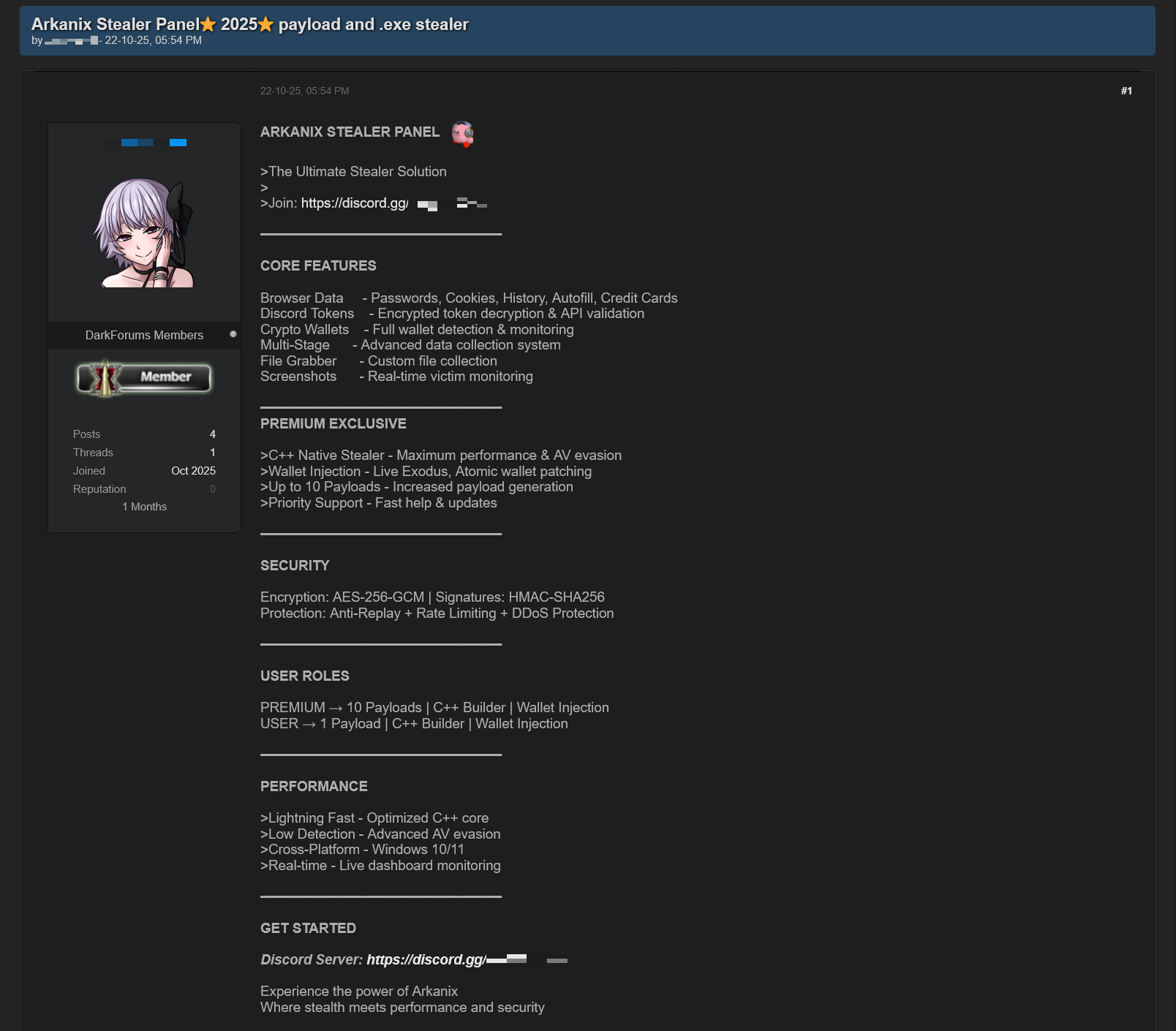 In October 2025, a series of posts was discovered on various dark web forums, advertising a stealer referred to by its author as “Arkanix Stealer”. These posts detail the features of the stealer and include a link to a Discord server, which serves as the primary communication channel between the author and the users of the stealer.
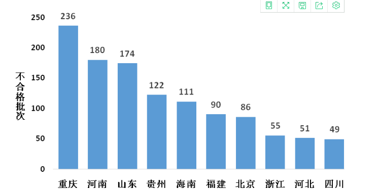 重慶市、河南省、山東省為蔬菜產(chǎn)品抽檢不合格最多的銷售地。重慶市抽檢不合格236批次,其中韭菜70批次、芹菜39批次;河南省抽檢不合格180批次,其中韭菜82批次、豆芽47批次;山東省抽檢不合格174批次,其中韭菜72批次、豆芽52批次(詳見圖3)。
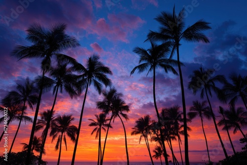 sunset, palm, tree, silhouette, sky, colours, cloud, orange, pink, purple, blue, tropical, beach, ocean, horizon, vibrant, dramatic, warm, colours, nature, landscape, photo, image, beautiful, peaceful, evening, dusk, tranquil, scenic, paradise, exotic, hawaii, coastline, silhouette, dark, light, warmth, cloudscape, summer, gold, golden hour, vacation, travel, relaxation, romance
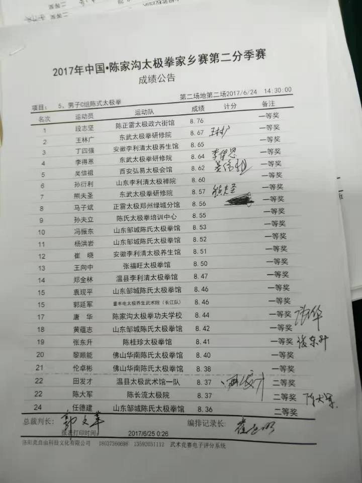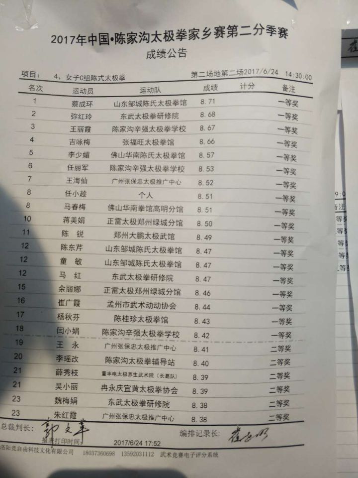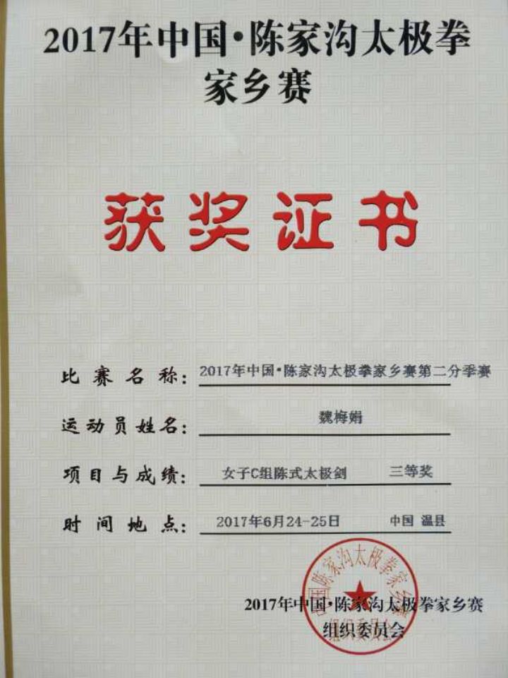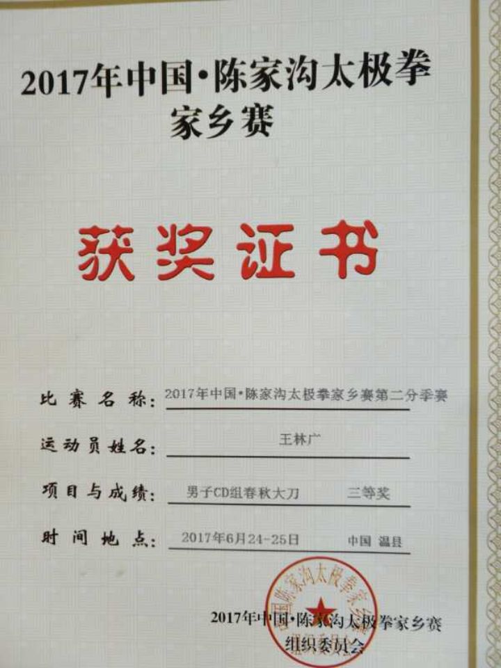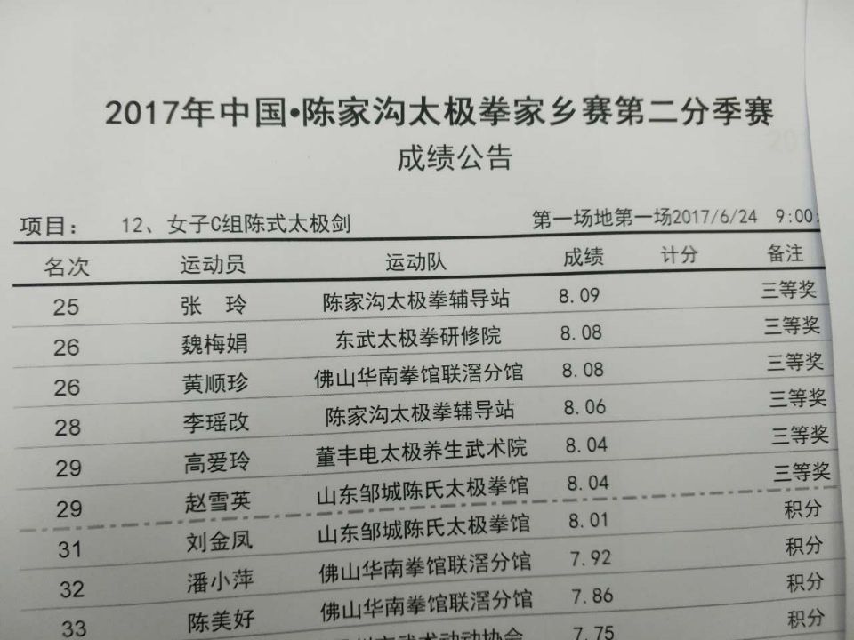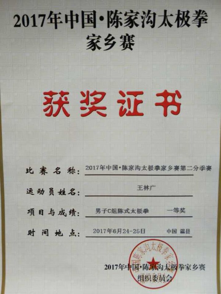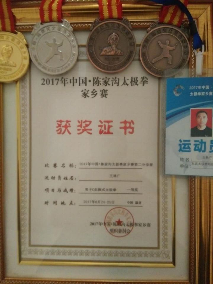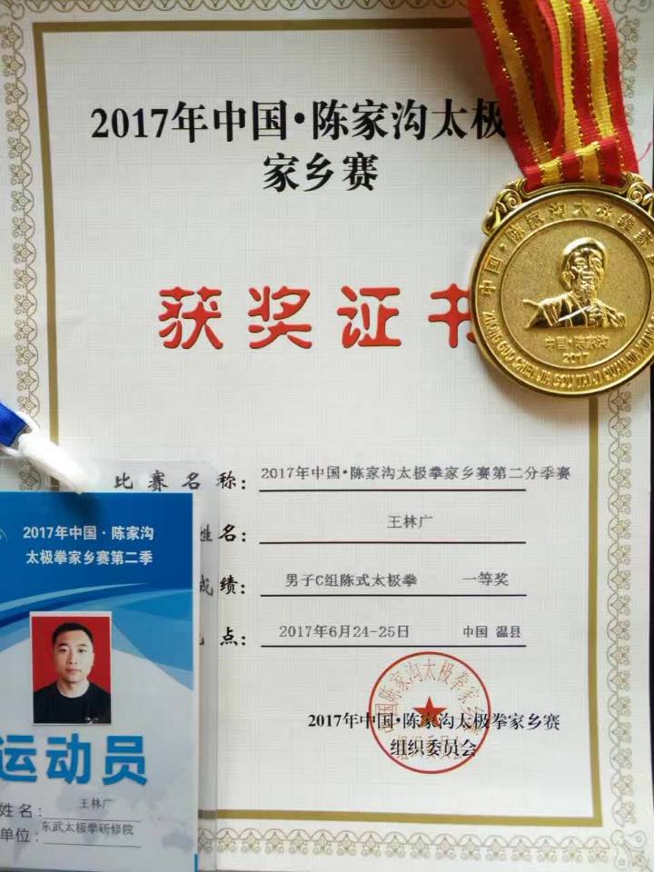中国陈家沟家乡赛昨天圆满结束,此次比赛规格高、竞争激烈,我们河南东武太极代表队不负师父厚望,拿到多枚金牌。莱芜市林广陈氏太极拳研究院院长王林广更是在c组139位选手中夺得金牌一等奖,名列前茅;学员魏梅娟成绩突出也获得银牌和铜牌,希望莱芜市林广陈氏太极拳研究院的所有学员继续努力。同时通过比赛,很高兴认识了来自全国各地的师兄弟们。

________________________________________

PROBLEM DESCRIPTION - Nothing but the lines from the line with "travel, relaxation, romance" through the last line of the data above should be printed, exactly as written and without pictures.

RESPONSE BELOW -
 sunset, palm, tree, silhouette, sky, colours, cloud, orange, pink, purple, blue, tropical, beach, ocean, horizon, vibrant, dramatic, warm, colours, nature, landscape, photo, image, beautiful, peaceful, evening, dusk, tranquil, scenic, paradise, exotic, hawaii, coastline, silhouette, dark, light, warmth, cloudscape, summer, gold, golden hour, vacation, travel, relaxation, romance
中国陈家沟家乡赛昨天圆满结束,此次比赛规格高、竞争激烈,我们河南东武太极代表队不负师父厚望,拿到多枚金牌。莱芜市林广陈氏太极拳研究院院长王林广更是在c组139位选手中夺得金牌一等奖,名列前茅;学员魏梅娟成绩突出也获得银牌和铜牌,希望莱芜市林广陈氏太极拳研究院的所有学员继续努力。同时通过比赛,很高兴认识了来自全国各地的师兄弟们。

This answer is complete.